Among the lines below, output only those between the line holding "Coffee Brown Printed" and the line holding "Beautiful A-Line Square", inclusive, exactly as written and with no pictures.

■ Record extracts:
------------------------------------
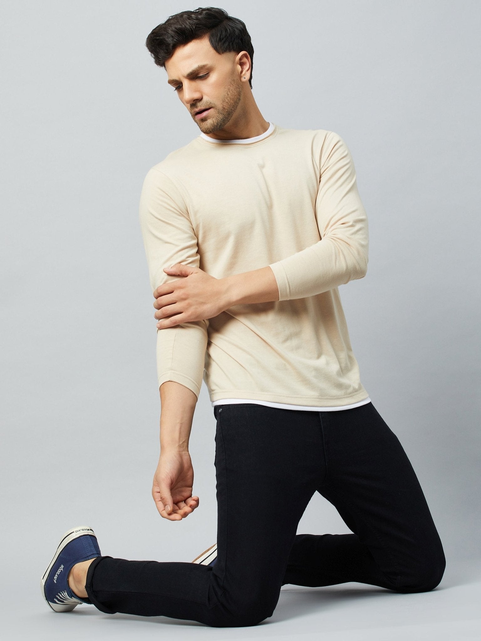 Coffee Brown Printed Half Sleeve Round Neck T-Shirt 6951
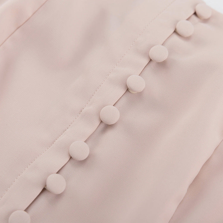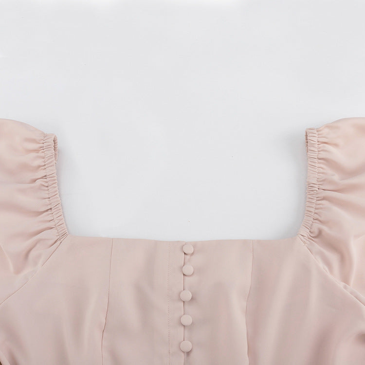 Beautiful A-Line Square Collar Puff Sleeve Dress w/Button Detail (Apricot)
------------------------------------
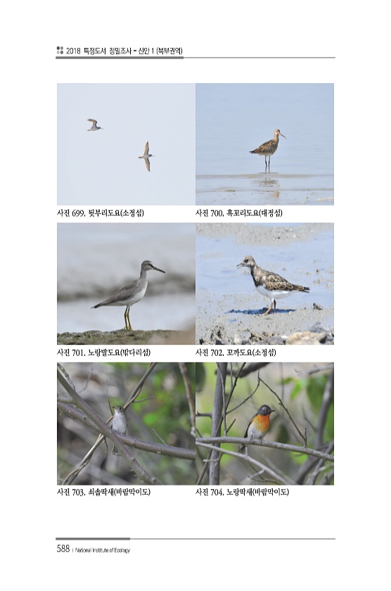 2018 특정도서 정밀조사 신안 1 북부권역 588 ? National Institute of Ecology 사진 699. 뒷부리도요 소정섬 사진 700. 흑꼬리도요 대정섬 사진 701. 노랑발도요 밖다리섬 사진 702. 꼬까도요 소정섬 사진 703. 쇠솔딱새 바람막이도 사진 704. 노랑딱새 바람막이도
------------------------------------
■ Solution to this exercise:
 Coffee Brown Printed Half Sleeve Round Neck T-Shirt 6951
 Beautiful A-Line Square Collar Puff Sleeve Dress w/Button Detail (Apricot)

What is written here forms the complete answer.